WASHINGTON — A potential government shutdown hurtling ever closer, the Democratic-led Senate moved today toward passing legislation keeping the government open, but disputes with and among Republicans ensured that the fight likely would spill into the weekend and possibly longer.
The result: a high-stakes showdown playing out in a climate of chaos, infighting and unpredictability that is extraordinary even by congressional standards. Reflecting the building drama, Senate Chaplain Barry Black opened today’s session with a prayer that included, “Lord, deliver us from governing by crisis.”
With the current budget year ending Monday and at least a partial shutdown threatened in the absence of legislation, the Senate was poised for critical votes later today. Lawmakers were expected to pass the legislation after derailing a conservative effort to block the bill, and after removing House-approved language that would have stripped funding from President Barack Obama’s health care law.
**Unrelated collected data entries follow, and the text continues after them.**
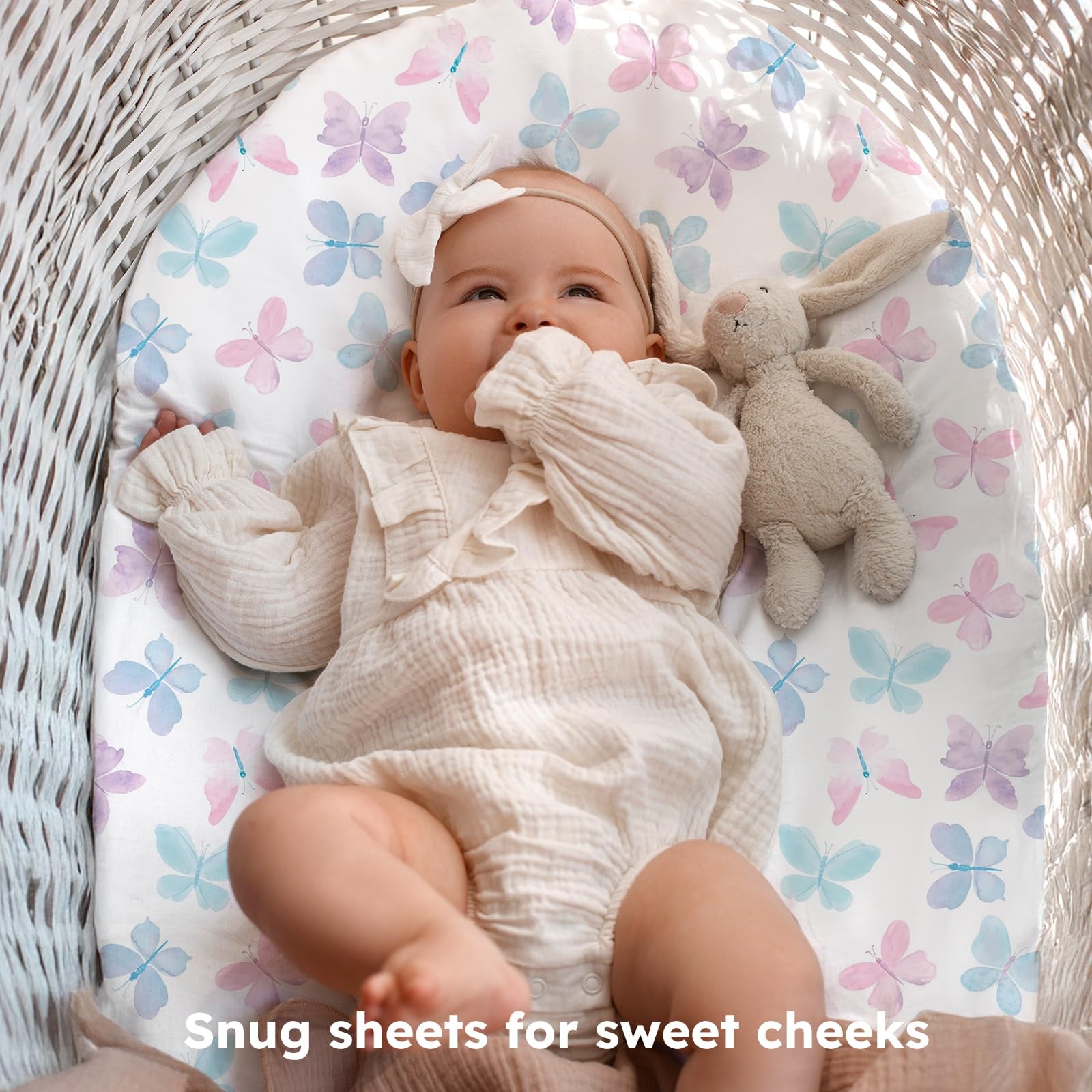 Easy Care & Sustainable: Made from pre-shrunk fabric, our bassinet mattress sheets resist fading, pilling, and shrinking, even after hundreds of machine washes. With double-stitched edges and corners, our bassinet crib sheets are built to last, staying with your baby through every stage.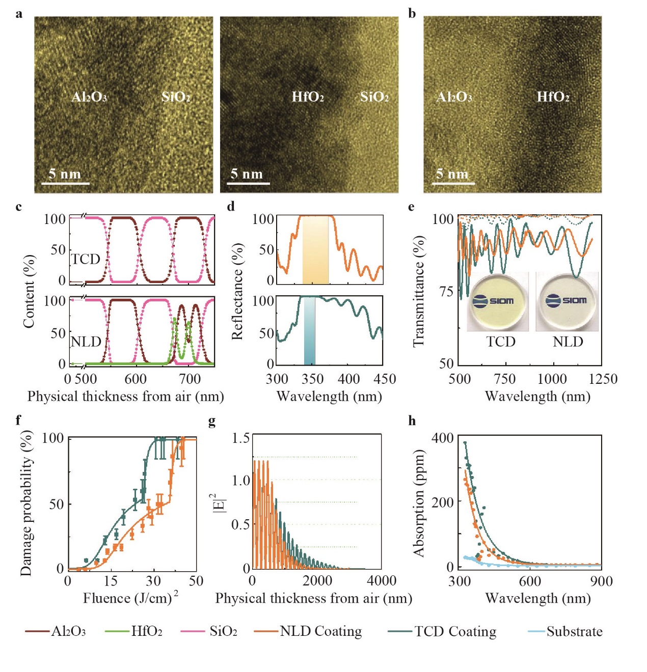 圖2 傳統組合膜系設計和基于納米疊層膜系設計的紫外反射薄膜性能。(a)TCD和(b)NLD薄膜的剖面形貌;(c)SiO2,Al2O3和HfO2含量隨膜層深度的變化曲線;(d)反射和(e)透射光譜曲線(45°入射角,實線:s偏振光,點線:p偏振光);(f)單脈沖損傷概率與激光輻照能量的關系;(g)電場強度分布曲線;(h)吸收隨波長的變化曲線。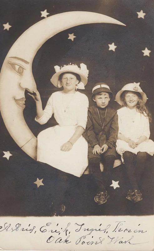 Thanks to census records at Cowlitz County's genealogy website I learned the children's parents were likely named Mr. and Mrs. Karn and Peter Thorén from Sweden. The surname spelling and spelling of the children's names on the census differ from the spellings here. There's also another male sibling named Pierre not pictured; every member of the family is listed as being born in Sweden.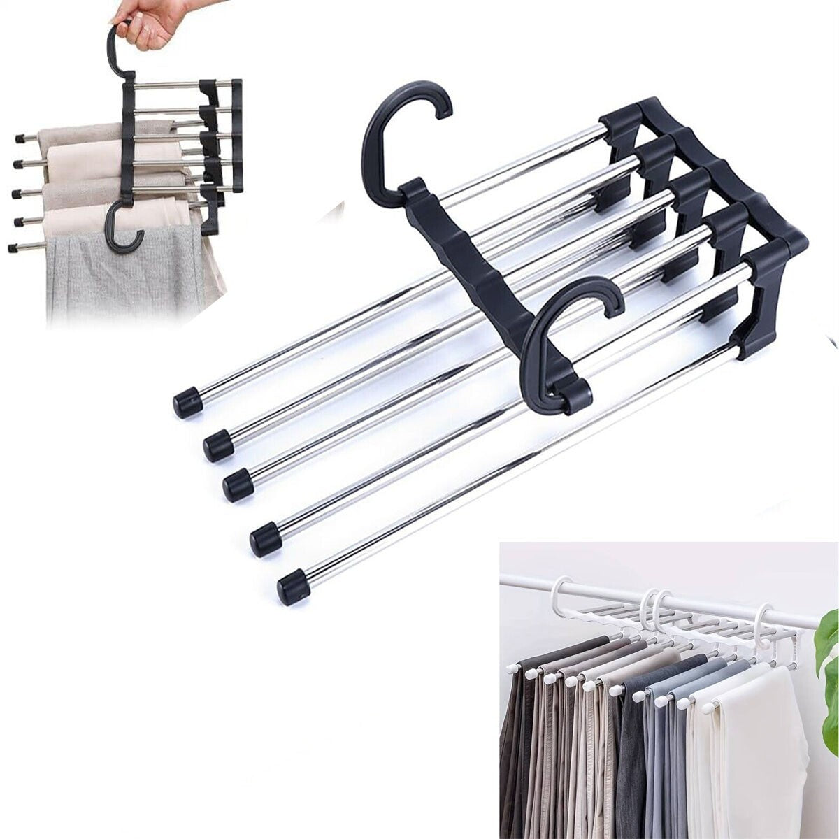 APPENDIABITI SALVASPAZIO PER ARMADIO BAGNO PER 5 PANTALONI PIEGHEVOLE CON GANCIO

Passage would bounce the legislation back to the House, where GOP leaders already have declared the pared-down Senate bill insufficient. But top House Republicans, unable to corral enough votes for an alternative due to rebellious conservatives, were mum about their next move and planned no votes on the budget bill until the weekend at least.
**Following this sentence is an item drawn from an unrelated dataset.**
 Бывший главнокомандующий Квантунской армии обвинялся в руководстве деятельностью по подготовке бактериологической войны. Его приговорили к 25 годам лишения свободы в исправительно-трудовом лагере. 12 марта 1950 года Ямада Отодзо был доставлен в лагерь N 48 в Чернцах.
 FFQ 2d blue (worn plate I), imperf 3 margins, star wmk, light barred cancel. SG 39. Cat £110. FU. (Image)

As the Senate debated the bill, Iowa’s Tom Harkin criticized conservatives for “throwing a temper tantrum” and risking a government shutdown because they dislike Obamacare. The veteran Democrat said their ideology-driven behavior was “every bit as dangerous as the breakup of the Union before the Civil War.”
Led by first-term GOP Sens. Ted Cruz of Texas and Mike Lee of Utah, a small band of Senate conservatives has wanted to block the shutdown bill. They argue such a move would prevent Democrats from removing the language that defunds Obamacare and would force them to negotiate on reining in the wide-reaching health care law, even though such a scenario sets up the risk of at least a partial government shutdown next Tuesday. “It’s about showing people we’re going to do what we say we’re going to,” Lee told colleagues, “even when, especially when, it’s inconvenient.” But the conservatives have run into opposition from many in their own party.